Shazam ! Lutte pour l’espoir fait partie des quatre comic books créés par Paul Dini et Alex Ross à l’occasion du soixantième anniversaire de Superman, Batman, Wonder Woman et Captain Marvel.

Shazam est un de ces personnages que je croise sur la route de manière épisodique, mais qui me laisse toujours un bon souvenir. Il est pour moi plus qu’un simple personnage, il est tout simplement le lecteur. Quel enfant n’a pas un  jour rêvé d’enfiler une cape pour s’envoler, d’endosser le corps de l’adulte pour prouver sa force ? Billy Batson / Shazam a donc été l’occasion pour les auteurs de coucher sur papier les rêves d’enfants, lui accordant une profondeur, mais surtout une innocence que les autres personnages n’ont plus. Car même s’il a déjà vécu une enfance difficile, le jeune homme n’en demeure pas moins un grand enfant, pétri d’idéaux et d’une foi indéfectible en l’autre.

Paul Dini ne déroge pas à la règle. En introduisant Shazam au milieu des enfants hospitalisés, il le confronte à la dure réalité. Le héros a beau lutter contre les éléments, intercepter les criminels, il fait « simplement » dans l’acte héroïque.

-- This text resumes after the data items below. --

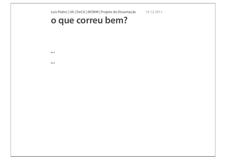 18. 18. Luís Pedro | UA | DeCA | MCMM | Projeto de Dissertação 16 12 2011o que correu bem?......
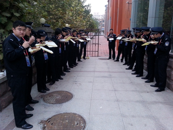 参加安保人员就餐
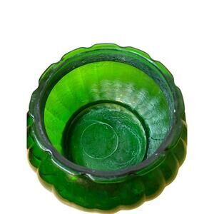 Vintage A.L.R. Co. Translucent Emerald Green Glass Ribbed Bubble Flower Bowl
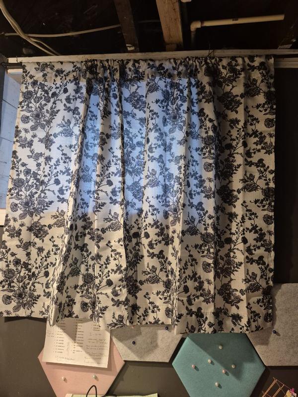 I love the looks of this curtain. The black and white is classic and will go with a lot of decor. The flowers are very detailed. Now I need to find the long curtains to match this one in my kitchen.
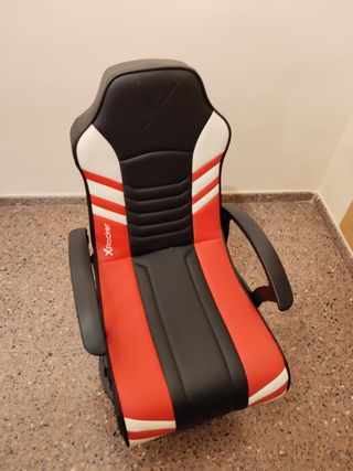 Silla gamer X Rocker con diseño deportivo y altavoces integrados. - Tapicería de piel sintética. - Combinación de colores negro y rojo. - Reposabrazos acolchados.
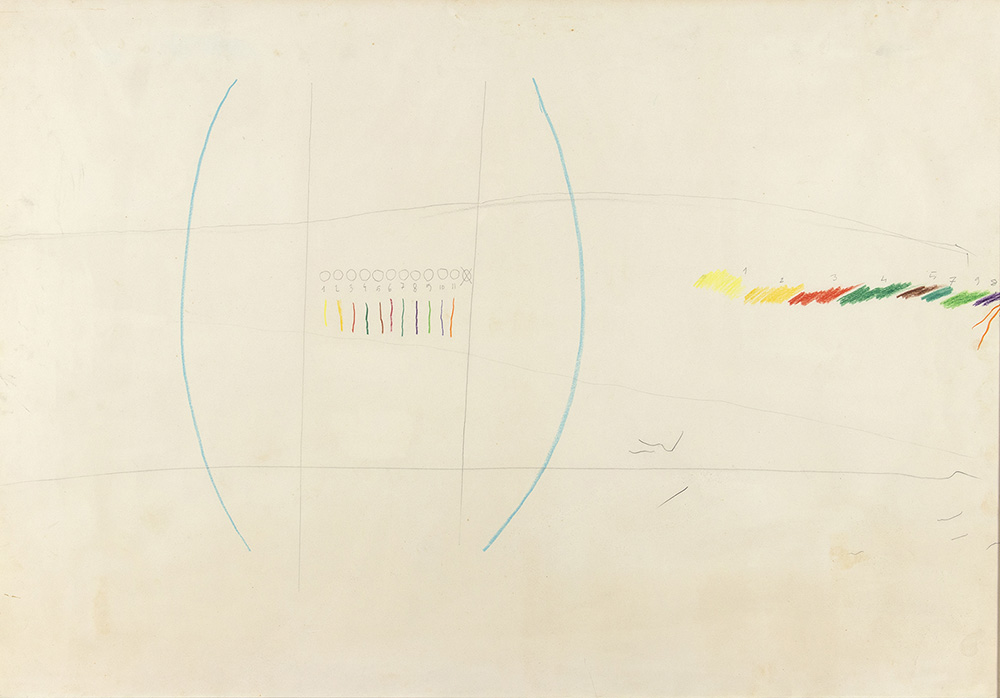GASTONE NOVELLI Senza titolo, 1962 - 1963 Pastello e matita su carta, 68 x 98 cm Autentica al retro di Achille Perilli, 16 dicembre 1983, Roma Autentica su foto di Mara Coccia, Roma
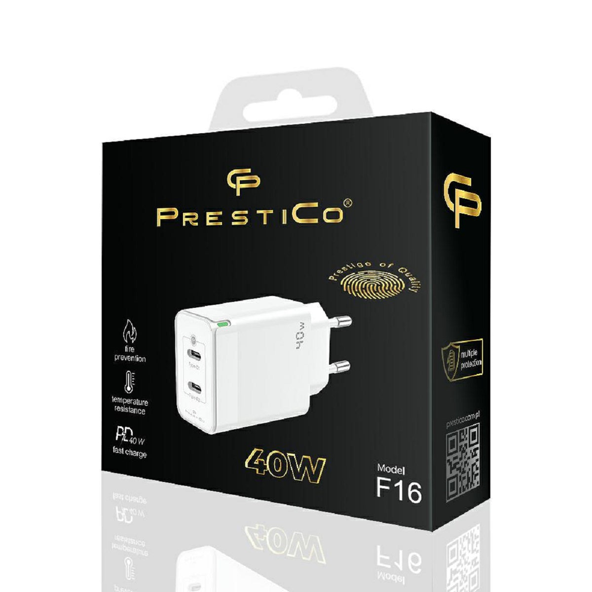 PrestiCo, F16 2xUSB-C 40W PD weiß, Universal Smartphone-Ladegerät ( Superschnelles Laden)
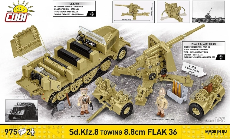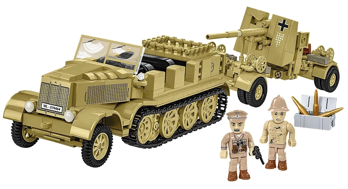 Construisez l’emblématique combinaison d’artillerie du désert du DAK : le robuste tracteur semi-chenillé Sd.Kfz. 8 avec le canon remorqué 8,8 cm Flak 36. Obtenez un modèle réaliste à l’échelle 1:35, avec 975 pièces, 2 figurines et de nombreux éléments mobiles pour des scènes d’action et des dioramas de la campagne en Afrique du Nord. Haute qualité de fabrication, marquages durables et notice intuitive raviront collectionneurs et constructeurs passionnés.
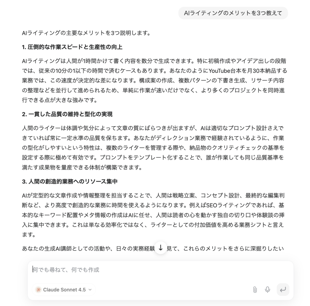 | Claude Sonnet 4.5 | エッセイ、ストーリー系 | 自然で人間らしい文体。語彙が豊富で読ませる文章が得意 | 本文執筆、誘導文 |
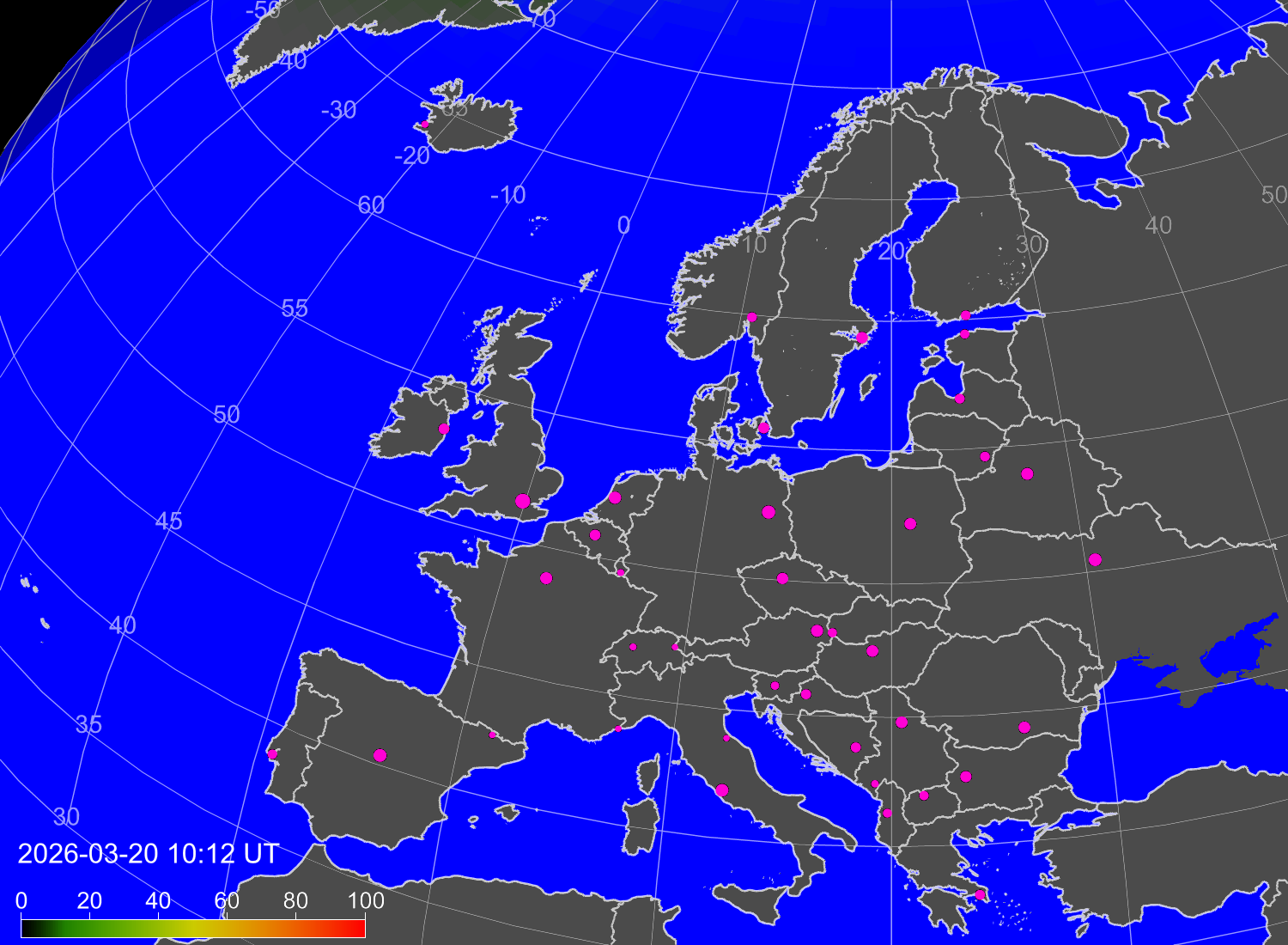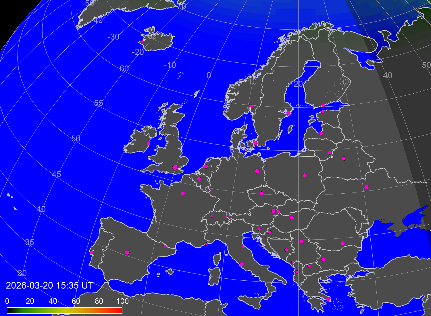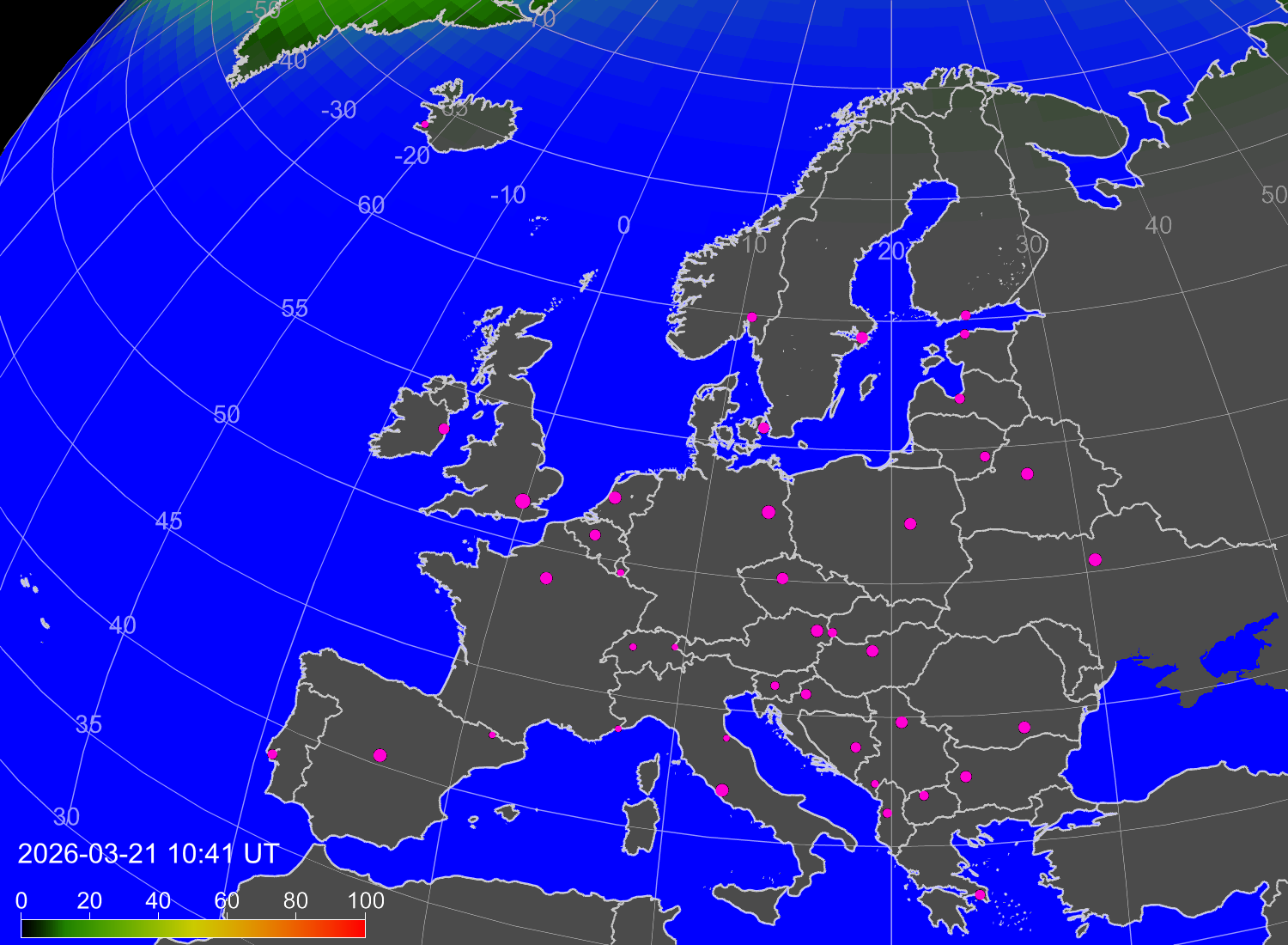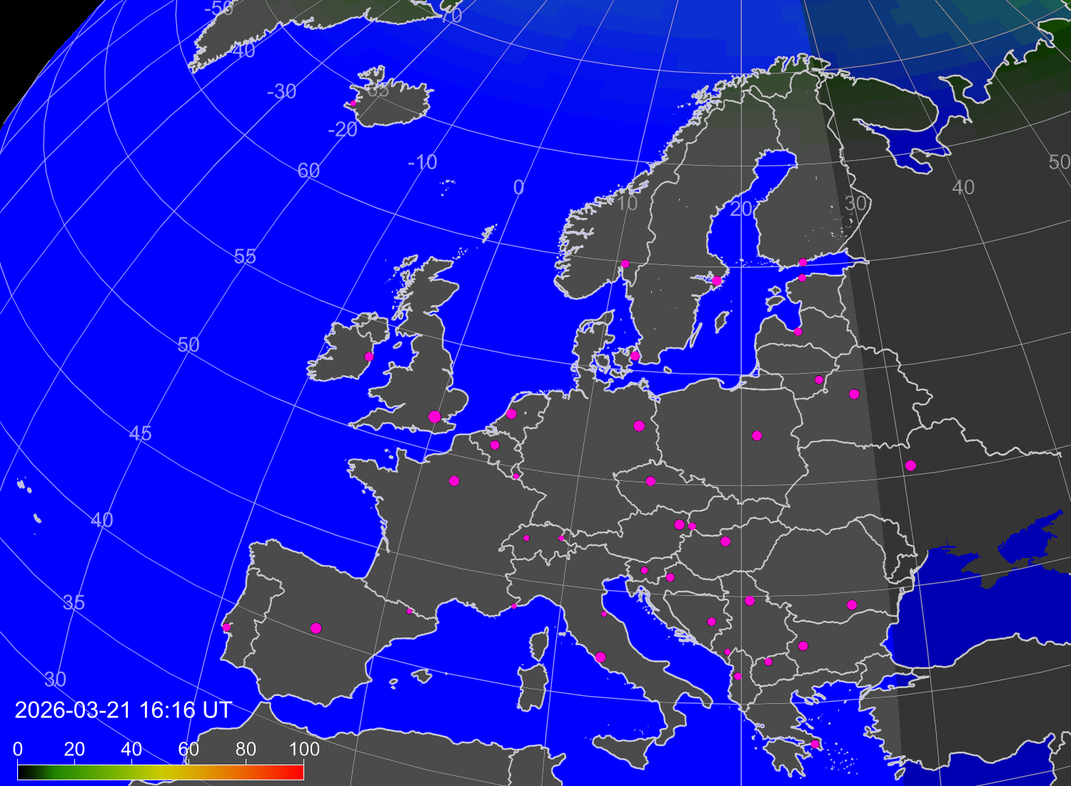 Auroral intensity index and theoretically possible latitude of observations for nighttime in the Estern Hemisphere

En choisissant de partager son univers avec ces jeunes malades, il devient définitivement leur icône. Il relativisera à cette occasion son propre statut au terme de ce week end enrichissant. Paul Dini livre une histoire tendre et humaniste, qui convient parfaitement à ce qu’on peut attendre d’une histoire avec Shazam. Certes, les plus cyniques diront que ça dégouline de tendresse et de bons sentiments. Ils insisteront en précisant qu’on n’évite pas les passages obligés du genre (le malade un peu plus tourmenté que les autres, une enfant qui décède à l’hôpital …). Je répondrai que oui, c’est vrai, et alors ? Parfois ça fait du bien de voir un peu de lumière, de sortir des ruelles sombres de Gotham et de subir autre chose que le rejet des autres bien connu des mutants.

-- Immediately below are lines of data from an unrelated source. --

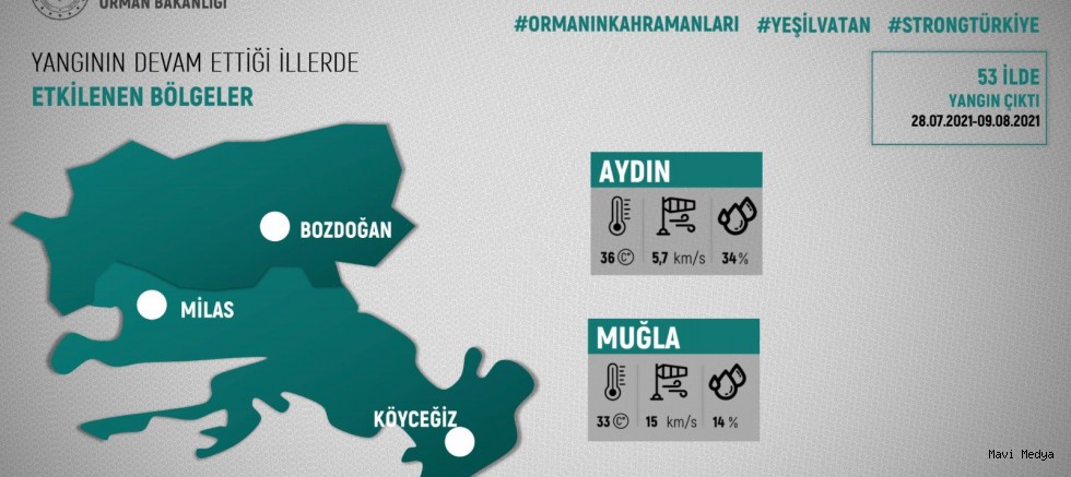 Böylece, son 13 günde, 53 ilde çıkan toplam 270 orman yangınının 268’i kontrol altına alındı ya da söndürüldü. Muğla'nın Köyceğiz ve Milas ilçelerindeki yangınların kontrol altına alınmasına yönelik çalışmalar ise sürüyor.
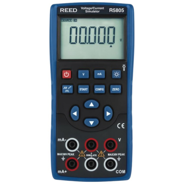 The R5805 Voltage/Current Simulator has been designed to accurately source both voltage and current for a wide range of testing and calibration needs. Featuring a clear 6-digit LCD and a convenient kickstand, it ensures easy readability and hands-free operation in various environments.
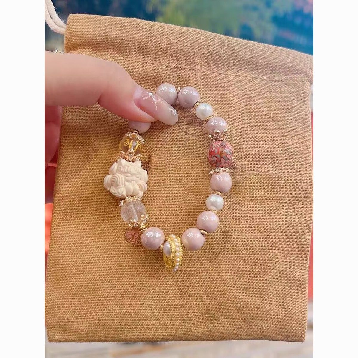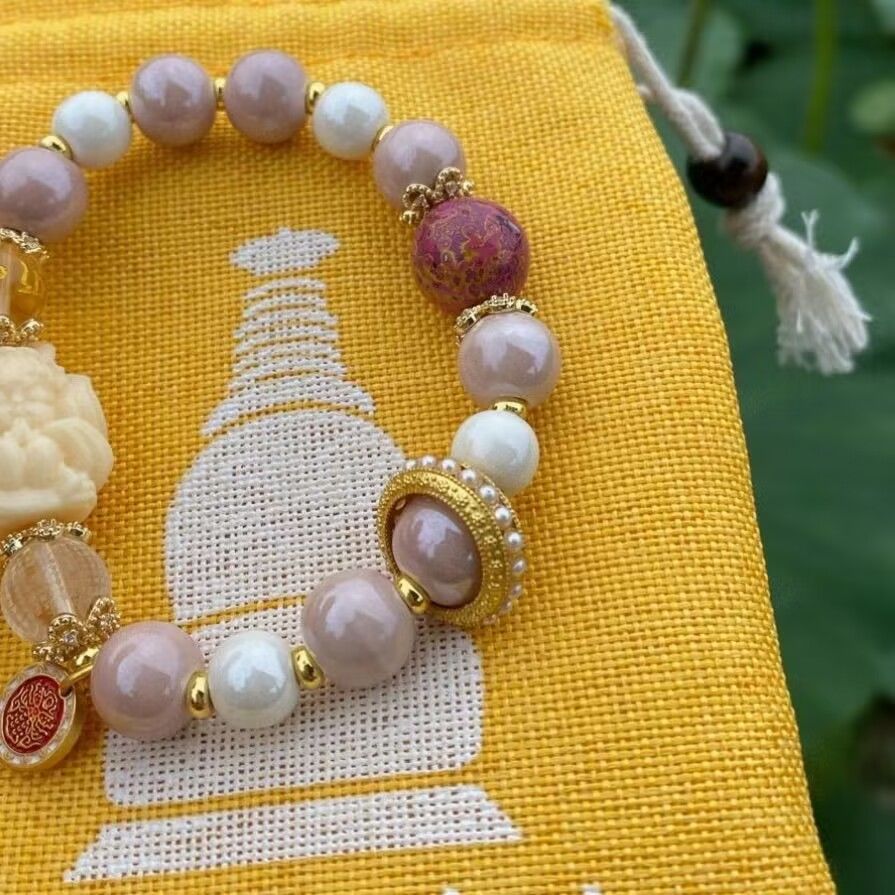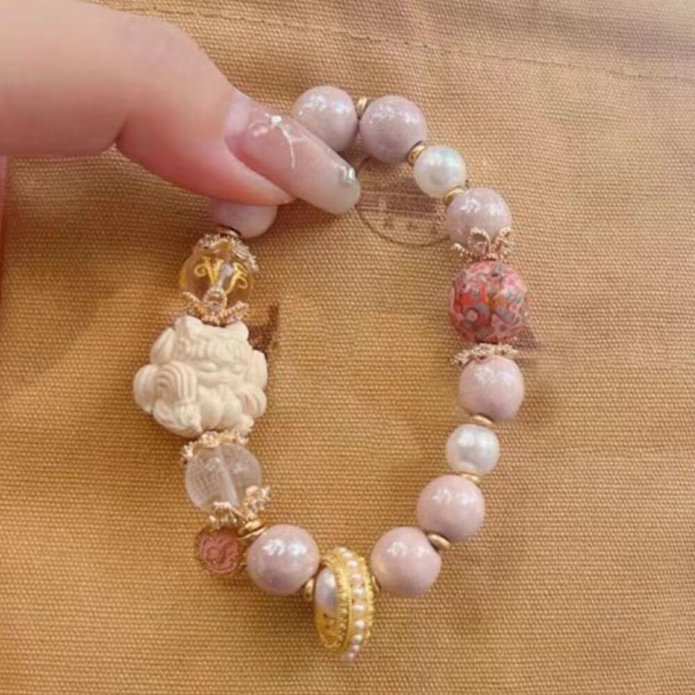 新款香积琉璃粉瓷手串搭配狐仙粉色大漆珠跑环单圈多巴胺女孩礼物

Au niveau de l’aspect graphique, c’est du grand art. C’est Alex Ross qui se charge de mettre en images cette histoire émouvante. Il le fait avec brio. Il parvient à restituer l’émotion voulue par Paul Dini, et capte l’essence même du personnage de Shazam. Ross a cette faculté d’insérer les héros dans la réalité comme nul autre ne sait le faire (Marvels). Son Style hyper réaliste fait ici merveille. Ses planches sont magnifiques, et en plus c’est en grand format. Merci aux éditions du soleil ! La peinture d’Alex Ross transcende cette histoire qui n’aurait pas peut-être eu le même impact émotionnel sans un artiste de ce calibre.

Shazam ! Lutte pour l’espoir est une oeuvre poignante, belle à tout point de vue. Une histoire simple mais touchante, des planches sublimes : que demander de plus si ce n’est lire les trois autres livres ?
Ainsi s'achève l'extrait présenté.